**EXERCISE MATERIAL**
####

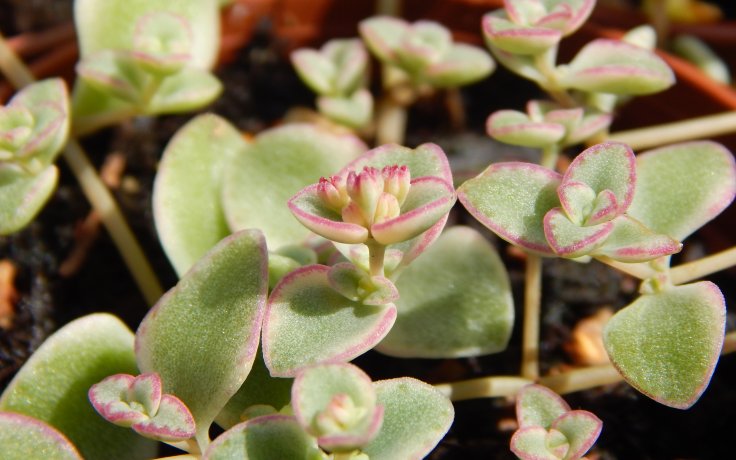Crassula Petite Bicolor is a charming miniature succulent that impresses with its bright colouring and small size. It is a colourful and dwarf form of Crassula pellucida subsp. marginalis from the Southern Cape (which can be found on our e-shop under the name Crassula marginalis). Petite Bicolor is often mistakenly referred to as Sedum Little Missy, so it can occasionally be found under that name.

####

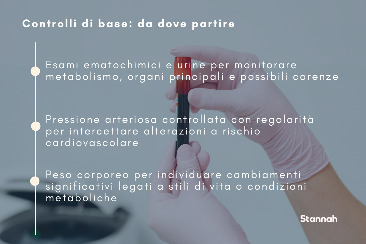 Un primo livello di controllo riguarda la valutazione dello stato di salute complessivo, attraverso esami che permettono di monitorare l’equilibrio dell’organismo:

####

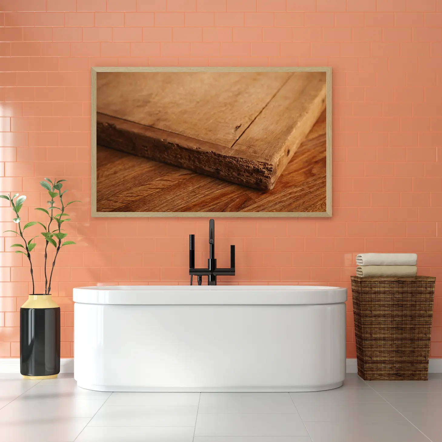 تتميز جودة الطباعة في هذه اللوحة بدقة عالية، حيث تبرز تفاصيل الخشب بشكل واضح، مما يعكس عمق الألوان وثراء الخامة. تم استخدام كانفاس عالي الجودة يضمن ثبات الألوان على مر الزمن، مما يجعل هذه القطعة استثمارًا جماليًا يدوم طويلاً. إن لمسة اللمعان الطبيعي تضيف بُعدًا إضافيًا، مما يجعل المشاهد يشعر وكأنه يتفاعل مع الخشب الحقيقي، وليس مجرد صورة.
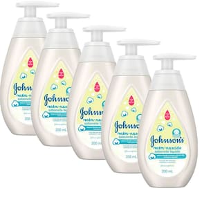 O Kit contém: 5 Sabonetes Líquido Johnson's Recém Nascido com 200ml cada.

####

**TASK DESCRIPTION**
In the entries above, every line from the line with "تتميز جودة الطباعة" to the line with "O Kit contém: 5" is to be printed exactly, with both ends included and pictures excluded.

**ANSWER SPACE**
 تتميز جودة الطباعة في هذه اللوحة بدقة عالية، حيث تبرز تفاصيل الخشب بشكل واضح، مما يعكس عمق الألوان وثراء الخامة. تم استخدام كانفاس عالي الجودة يضمن ثبات الألوان على مر الزمن، مما يجعل هذه القطعة استثمارًا جماليًا يدوم طويلاً. إن لمسة اللمعان الطبيعي تضيف بُعدًا إضافيًا، مما يجعل المشاهد يشعر وكأنه يتفاعل مع الخشب الحقيقي، وليس مجرد صورة.
 O Kit contém: 5 Sabonetes Líquido Johnson's Recém Nascido com 200ml cada.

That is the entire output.